As I write Friday morning, the markets are down, still digesting the Fed’s comments. The Dow leads the declines, off 1.5%, and is headed for its worst week since January.

That’s why it caught my eye when legendary growth investor, Louis Navellier, sent his subscribers an update suggesting “this ‘Goldilocks’ environment of an accommodative Fed, and strong corporate earnings will continue.”

But that was just the start. Rather than be nervous about this week’s declines, Louis seems rather excited.

From Louis:

Money is sloshing around the system and it doesn’t know where to go. And when all the dust settles, the stock market looks like a great place to be.

What’s going on here?

That’s what we’ll find out today from Louis. I’ll let him take it from here.

Have a good weekend,

Jeff Remsburg

Why Wall Street Overreacted to the Latest Fed Announcements

By Louis Navellier

The Federal Reserve’s Federal Open Market Committee (FOMC) met Wednesday and said they’ll continue to maintain a zero percent interest rate policy and the $120 billion per month in quantitative easing purchases.

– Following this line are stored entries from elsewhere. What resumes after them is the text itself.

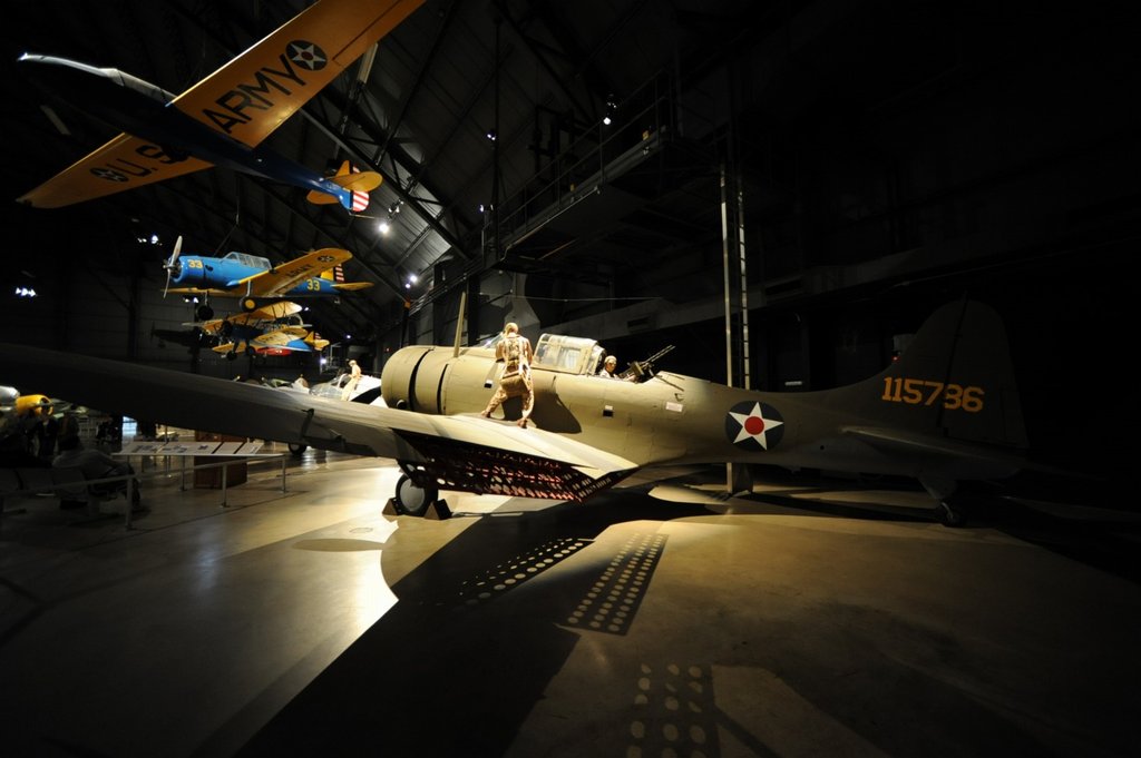 筆者が特に興味があったのは双発の爆撃機B-25である。太平洋上空母から無理やり発進させ、多大な損失を出しながらも、日本初空襲を成し遂げた。展示はやはり航空母艦の甲板を摸したものである。エンジンを風雨、潮風から守るべく、シートで覆ってある様子も再現してある。ゼロ戦の21型も展示してあった。
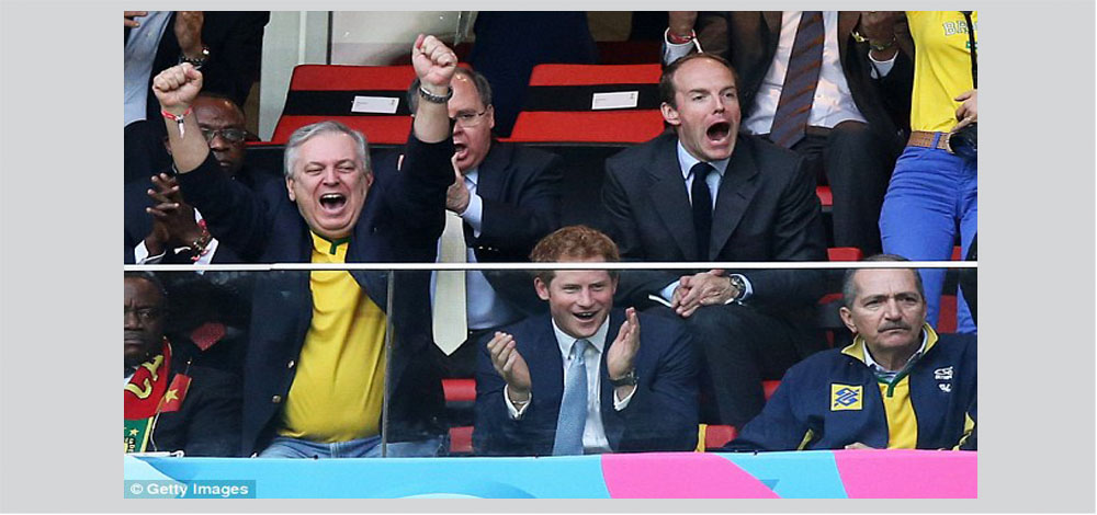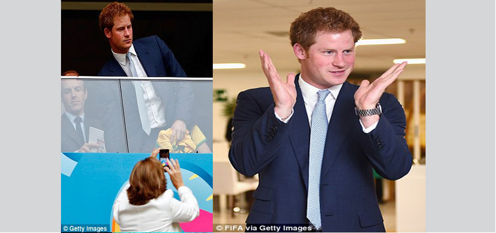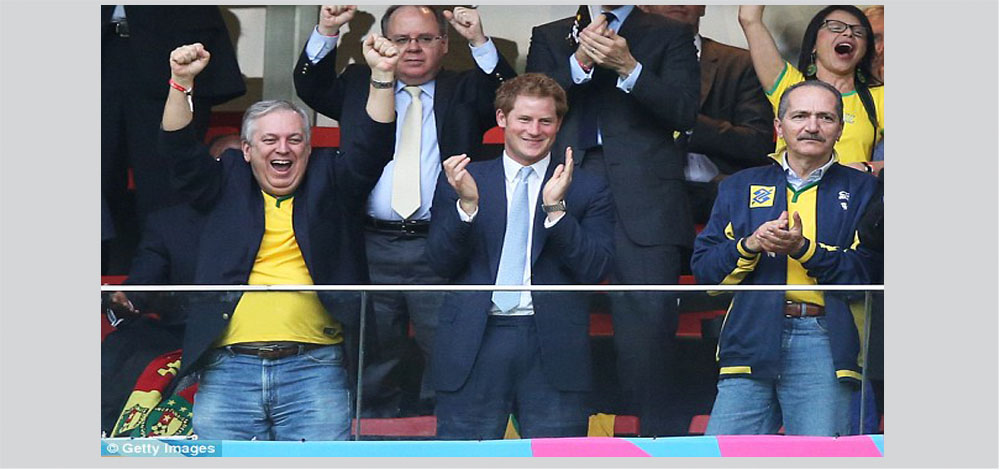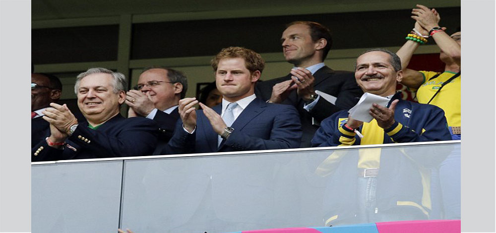 شوهد الأمير البريطاني،هاري، على مدرجات إستاد ماني جارينشا الوطني في البرازيل، وهو يحتفل مع المشجعينن بالفوز العريض الذي حققه المنتخب البرازيلي على نظيره الكاميروني، بنتيجة أربعة أهداف لهدف، ضمن مباريات الجولة الثالة من منافسات المجموعة الأولى.
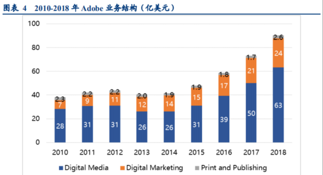 从2016年起,Adobe的收入接连创造历史新高。2016年,总收入58.5亿美元,2017年超过70亿美元,2018年达到90.3亿美元。在这个阶段,Adobe收入增长的主力,一直是数字媒体业务,它从2015年的31亿美元,增长到了2018年的63亿美元。
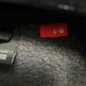 Size large. Core sweater. Gray and black with fleece lined inside. Full zip and two zippered pockets. Medium weight jacket. Very good used condition.

If there was a surprise in the Fed’s announcements, it was that 13 of the 18 FOMC members expect key interest rates, known as the federal funds rate, or the rate banks can charge each other to borrow or lend excess reserves overnight, will go up in late 2023. Previously, the Fed stated that the federal funds rate would increase in 2024, so they accelerated the timeline a bit from when they last met in March.

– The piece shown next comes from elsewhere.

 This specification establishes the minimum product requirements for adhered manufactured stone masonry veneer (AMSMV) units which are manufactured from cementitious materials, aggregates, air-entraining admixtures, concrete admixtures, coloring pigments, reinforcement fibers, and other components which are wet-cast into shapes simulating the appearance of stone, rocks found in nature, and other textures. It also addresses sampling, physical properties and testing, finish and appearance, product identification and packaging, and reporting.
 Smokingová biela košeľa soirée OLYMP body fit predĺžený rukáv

The FOMC also raised the GDP growth forecast for the year to 7.0% from 6.5% in March. And most importantly, the Fed raised its inflation forecast to 3.4% from 2.4%. So that means as long as inflation stays under 3.4%, we don’t have to worry.

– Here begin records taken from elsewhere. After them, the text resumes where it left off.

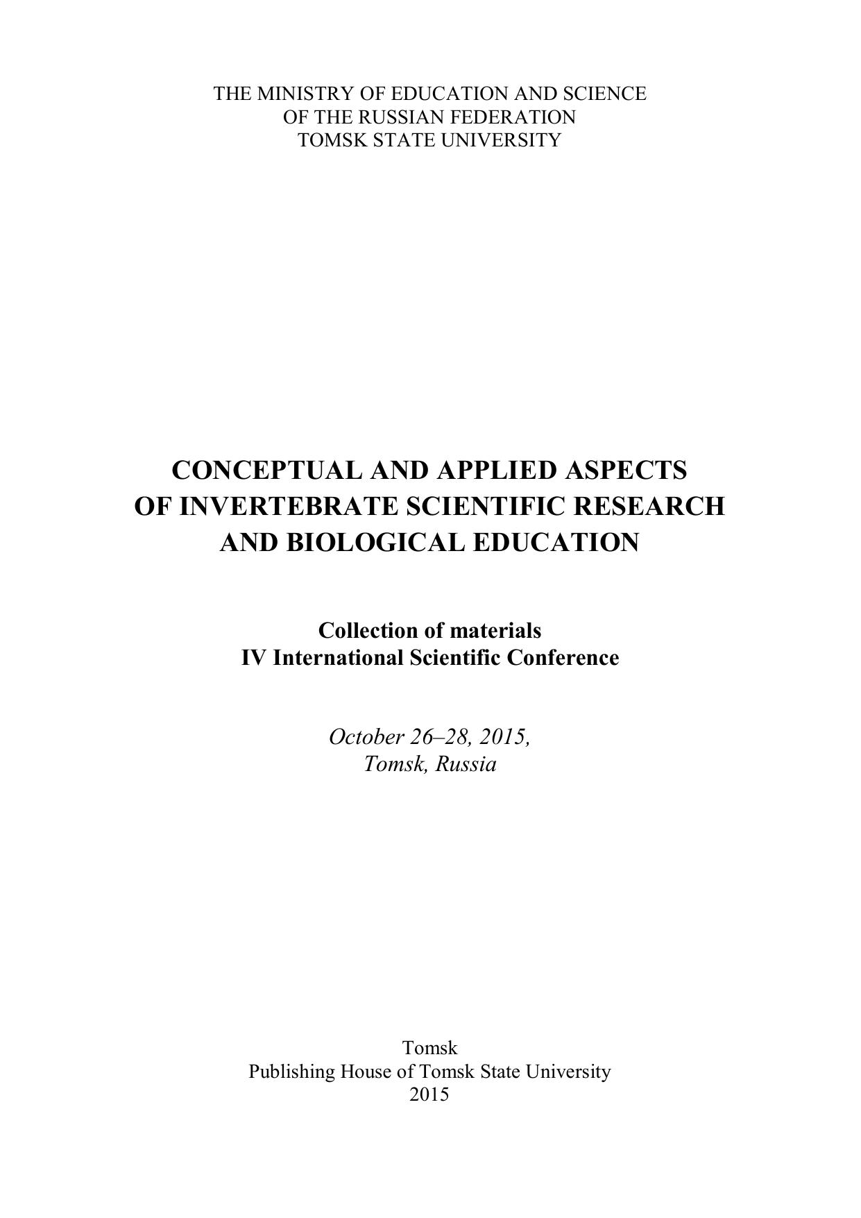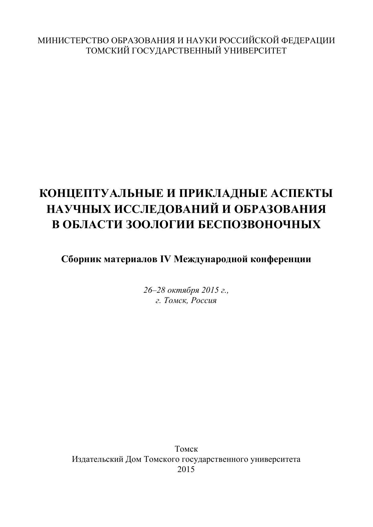 Концептуальные и прикладные аспекты научных исследований и образования в области зоологии беспозвоночных
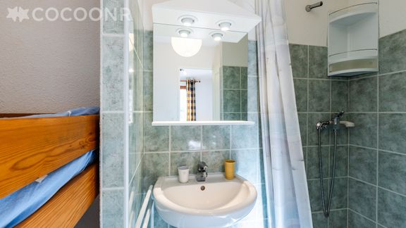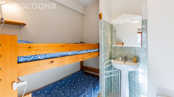 - Un coin nuit : un lit superposé (2 couchages), une douche et un lavabo
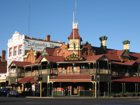 Irgendwie herrscht hier schon ein besonderer Flair. Die historischen Gebaeude in der Hannan Street, der Hauptstrasse hier in Kalgoorlie, und ein schoener Sonnenuntergang lassen einem in Gedankne die glorreiche und turbulente alte Zeit wieder auferstehen.
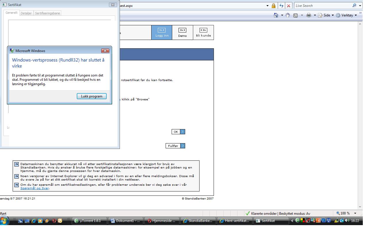 Tanus Skrevet 12. juli 2007 Skrevet 12. juli 2007 (endret) Hei, Jeg kjøpte meg nettopp en ny PC med MS Vista business. På denne PCen har jeg installert datax (et regnskapsprogram som bruker explorer til å hente informasjon fra skandiabanken). For å bruke skandiabanken må en installere et sertifikat, noe jeg ikke får gjort pga. at jeg får opp følgende feilmelding: . Jeg har vært i dialog med skandiabanken, de har forklart at jeg må skru av DEP (Data execution prevention) Dette har jeg gjort, men får fortsatt ikke rundll32 til å fungere. Er det noen som har vært borti tilsvarende problem, og har litt mer peiling på dette en "brukerservice@skandiabanken"? På forhånd takk! Hilsen Tanus Endret 12. juli 2007 av Tanus

Now, we have had a lot of commodity inflation. Prices for aluminum, steel, copper, lumber and oil have been on a tear.

The Consumer Price Index increased 5% on an annualized basis in May, the most in almost 13 years, according to the Bureau of Labor Statistics. Producer prices jumped 6.6% year-over-year, which represents the largest growth on record since the BLS began track the data in 2010.

Energy prices, in particular, are distorting the inflationary picture. This includes May’s 1.1% rise in import prices, which marked the seventh consecutive monthly gain in import prices.

Prices for copper and iron ore, for example, rose to historic highs in recent weeks, while the global oil benchmark price topped $70 per barrel for the first time in two years at the beginning of the month.

But in June most of those commodity prices are lower. The steel industry bellwether, the NYSE Arca Steel Index, is more than 38% higher this year, but fell over 2.5% yesterday. Copper prices, which have surged 67% over the past year, dropped to a two-month low today on news that China plans on releasing industrial metals from its state stockpiles in an effort to tame global inflation pressures. Aside from copper, China will release reserves of aluminum, zinc and other metals.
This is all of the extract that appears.